What’s Next: MCP Security
These patterns apply directly to securing Model Context Protocol (MCP) servers. When you’re building tools that LLMs can invoke, the attack surface expands: OAuth token handling, input validation for tool parameters, scope limitations on what tools can access.
I’ll be covering MCP security in depth at CactusCon in my talk “Breaking Model Context Protocol: OAuth 2.0 Lessons We Didn’t Learn.”
Conclusion
Coding with LLMs is fast, powerful, and risky. They’ll generate working code that’s insecure, incomplete, or context-blind. The solution isn’t to stop using them—it’s to build defensive layers that catch mistakes before they ship.
The stack that works:
- Pre-commit hooks block obvious problems (secrets, type errors, anti-patterns)

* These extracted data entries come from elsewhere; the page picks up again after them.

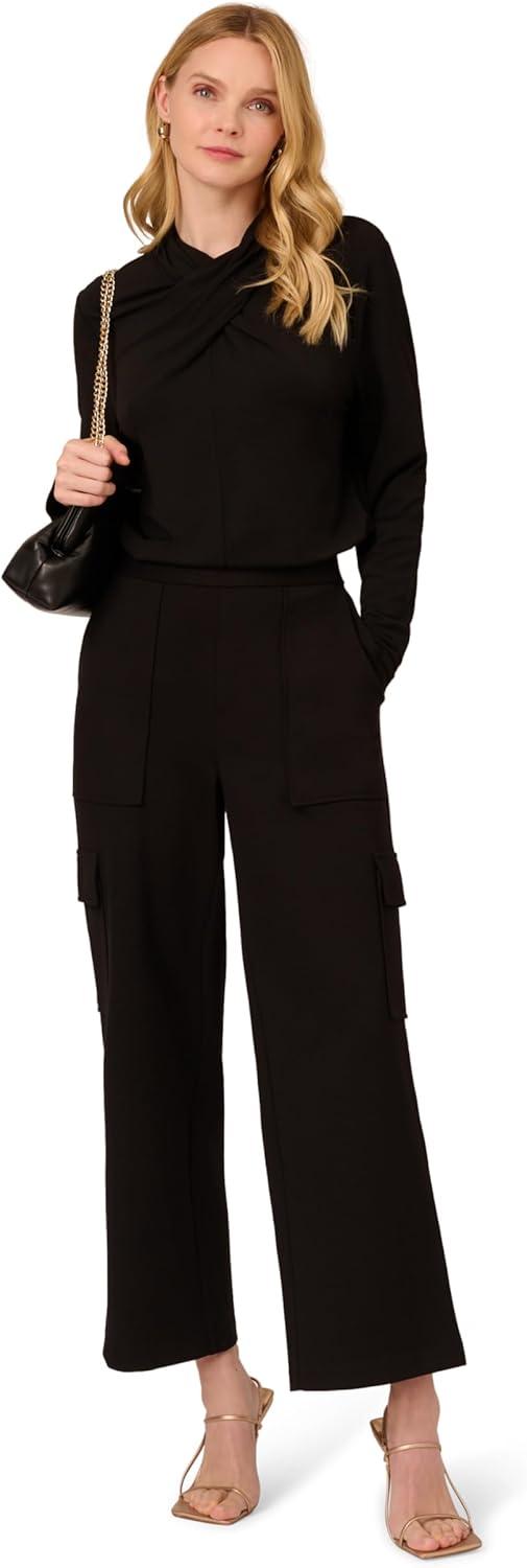 Adrianna Papell Womens Ponte Knit Cargo Pull on Pant(Black)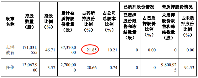 截至公告披露日,志鸿教育持有公司股份171,031,555股,占公司总股本比例46.71%。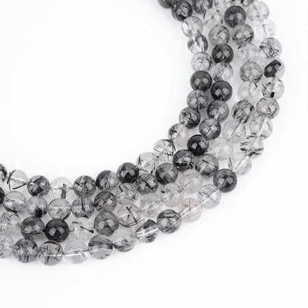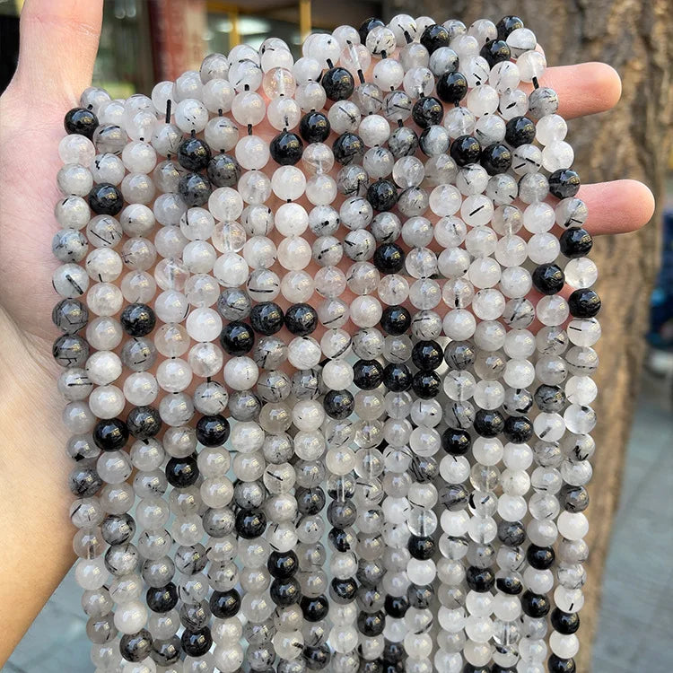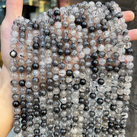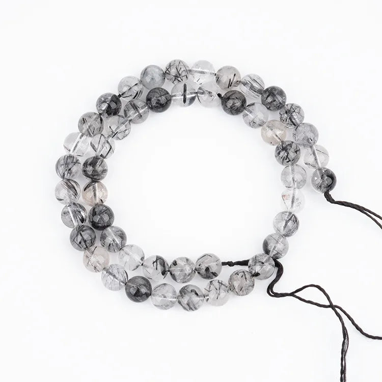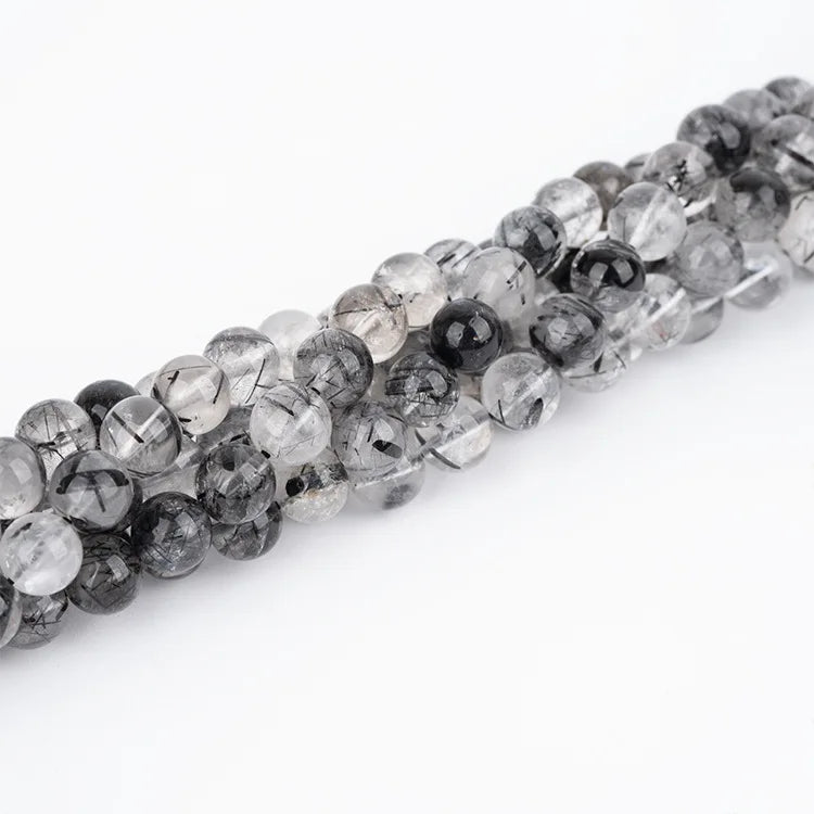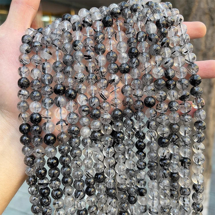 Wholesale Natural Smooth beads Gemstone Black Rutilated Quartz Stone Loose Beads For Jewelry Making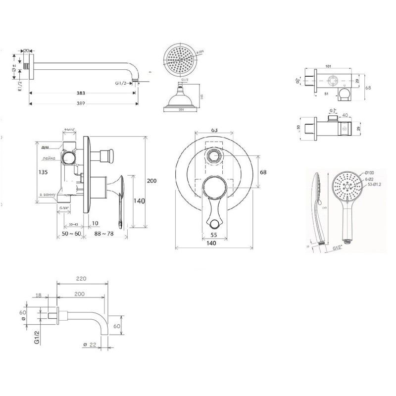 Душевая система встраиваемая Bronze de Luxe YASMINA NT800/B02, хром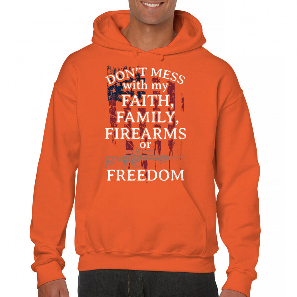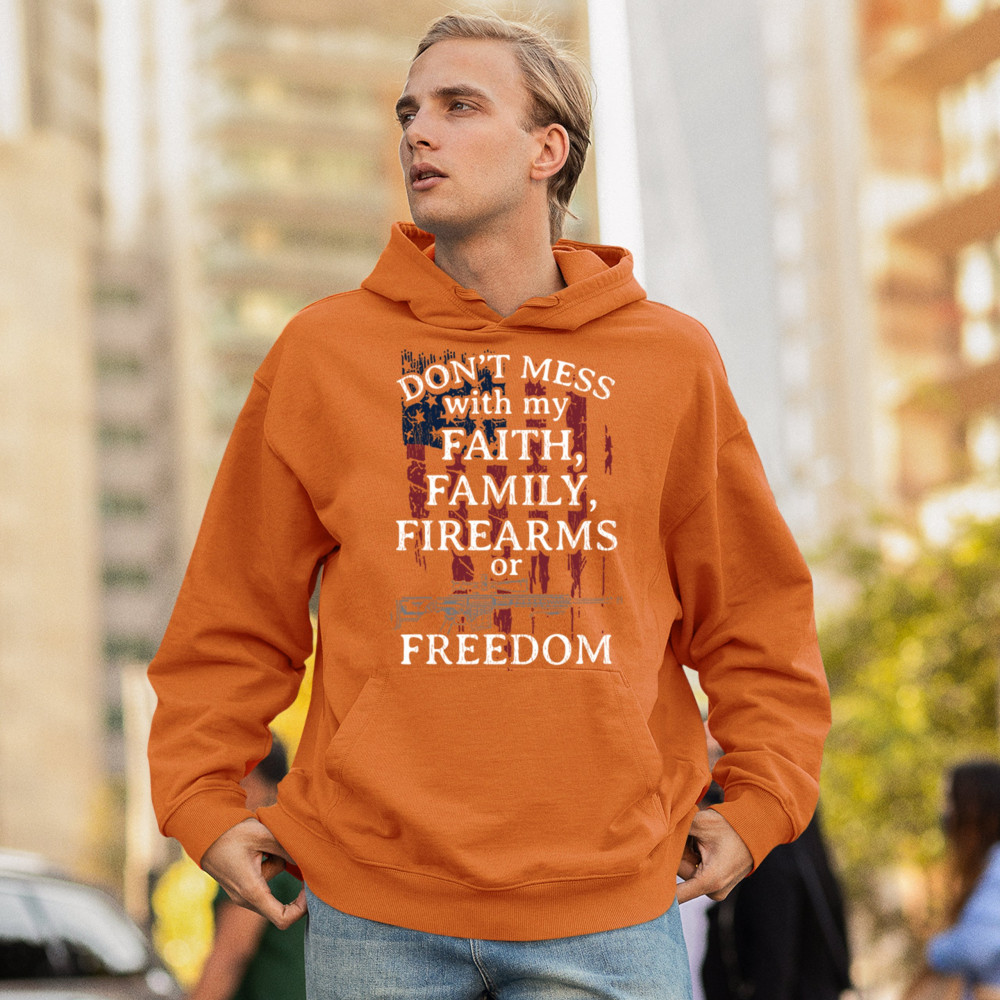 Celebrate your patriotism and core values with this powerful shirt featuring "Don't Mess with My Faith, Family, Firearms, or Freedom" set against a distressed American flag. This shirt is perfect for patriots, veterans, and those who hold their religious beliefs and the right to bear arms in high regard. Made from high-quality fabric, it ensures comfort and durability for everyday wear. Wear it proudly at patriotic events, on the 4th of July, or anytime you want to make a strong statement about your beliefs. It’s an excellent gift for anyone who shares these values and supports the American flag and the stars and stripes.

- Automated review agents catch logic errors and context mismatches
- Comprehensive CI enforces security scans, tests, and build verification
- CLAUDE.md context files teach LLMs your patterns and requirements
The cost is ~30 seconds per commit and ~$20/month in API calls. The benefit is a reliable safety net between LLM-generated code and production.
These aren’t theoretical patterns. They’re running in my repos right now, catching issues weekly. If you’re using LLMs to write code, you need these layers.
Start with pre-commit hooks (easiest win). Add security review agents (highest ROI). Build up comprehensive CI from there.
All examples in this post are from my open-source repos: taskmanager, agents, and workflows. Feel free to copy patterns that work for your setup.
I’ll be speaking about MCP security at CactusCon—if you’re interested in how these patterns apply to tool-calling architectures, come find me there.